Ministerstwo Polityki Prorodzinnej

prof. Ewa Leś ·

Gdybym była ministrem, zajęłabym się palącą kwestią braku polityki przyjaznej rodzinie w głównych fazach jej cyklu życia, tj. dostatecznego wsparcia młodych par i rodziców posiadających małe dzieci, rodzin o niskich dochodach oraz rodzin, w których znajdują się ludzie w podeszłym wieku i niepełnosprawni.

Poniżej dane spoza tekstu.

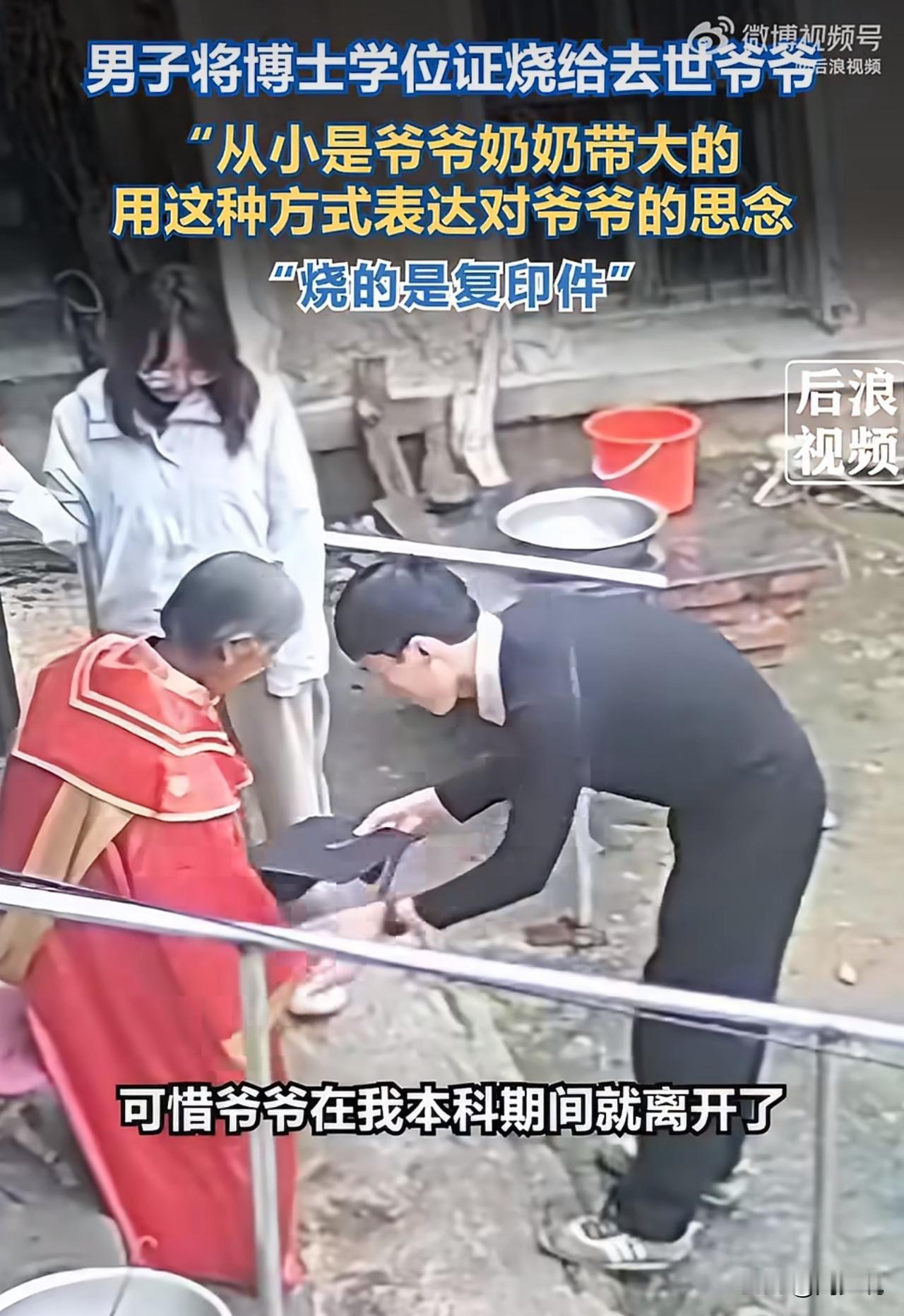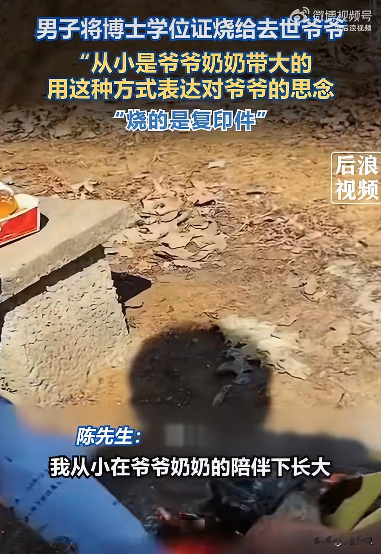 “火上热搜!”山东济宁一位博士毕业生,竟把学位证折成元宝,烧给了去世的爷爷,无数网友看完瞬间破防。 小伙从小由爷爷奶奶拉扯长大,感情格外深厚。遗憾的是,爷爷没能等到他博士毕业,在他读本科时就离开了。为了让九泉之下的爷爷看看自己的成长,他提前打印好学位证复印件,细心折成元宝,用这种特别的方式,和最亲的人分享这份来之不易的喜悦。 此视频曝光后,瞬间引发网友热议。有网友当即表示:“不是真证书,心意却比什么都真,这是最体面的尽孝。” 也有人感慨:“隔代亲最戳心,爷爷要是能看见,该多骄傲啊。” 在周少看来,其实尽孝从不是华丽的排场,而是藏在心底的惦记与感恩。这位博士用最朴素的方式,完成了对亲人的告慰,也把刻在骨子里的教养展现得淋漓尽致。 如今不少孩子习惯了被长辈呵护,却很少懂得回望与感恩。这样的举动,看似简单,却给很多家庭上了一课:真正的成长,是不忘来路;最好的成就,是让牵挂你的人安心。 这一纸复印件,远胜过无数说教,它让我们看见,感恩与孝顺,从来都藏在最真诚的行动里,给这位博士称赞!#寻美三湘# #周少说教育#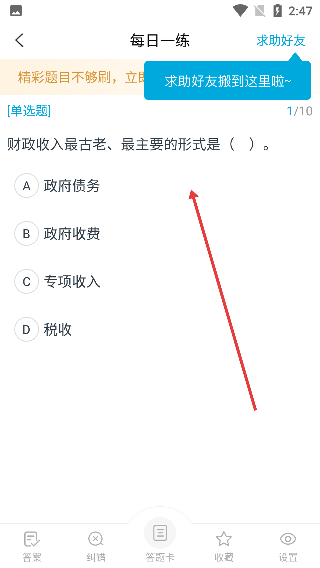 4、进入练习后,即可开始答题。对于“财政收入最古老、最主要的形式是()”,答案为D选项【税收】。

Jak wskazują wyniki badań, rodzice dzieci w wieku żłobkowym preferują opiekę osobistą nad dzieckiem.

Drugim kluczowym problemem jest głęboki niedobór przystępnych cenowo usług opieki nad dzieckiem, umożliwiających godzenie pracy zarobkowej z macierzyństwem. Stąd konieczna jest bezzwłoczna odpowiedź państwa na te potrzeby rodzin w postaci polityki rodzinnej, służącej zażegnaniu regresu demograficznego. W ciągu zaledwie ćwierćwiecza (1989–2012) Polska z kraju o wysokiej dynamice demograficznej stała się państwem o jednym z najniższych wskaźników dzietności w Europie. Wysokie bezrobocie, niepewność zatrudnienia i godziwych dochodów z pracy (minimalne wynagrodzenie wynosi jedynie nieco ponad 40% przeciętnego wynagrodzenia w gospodarce narodowej i należy do najniższych w Europie) oraz nieadekwatne instrumenty polityki rodzinnej sprawiają, że warunki do zakładania rodziny są dziś w Polsce trudniejsze niż w wielu państwach europejskich. W Polsce udział wydatków na transfery pieniężne dla rodziny wyniósł 0,7% PKB (średnia dla UE-27 to 2,2% PKB). Dlatego gdybym była ministrem, podniosłabym nakłady na świadczenia rodzinne, takie jak zasiłki rodzinne i dodatki do nich, zasiłki z pomocy społecznej oraz zasiłki wychowawcze.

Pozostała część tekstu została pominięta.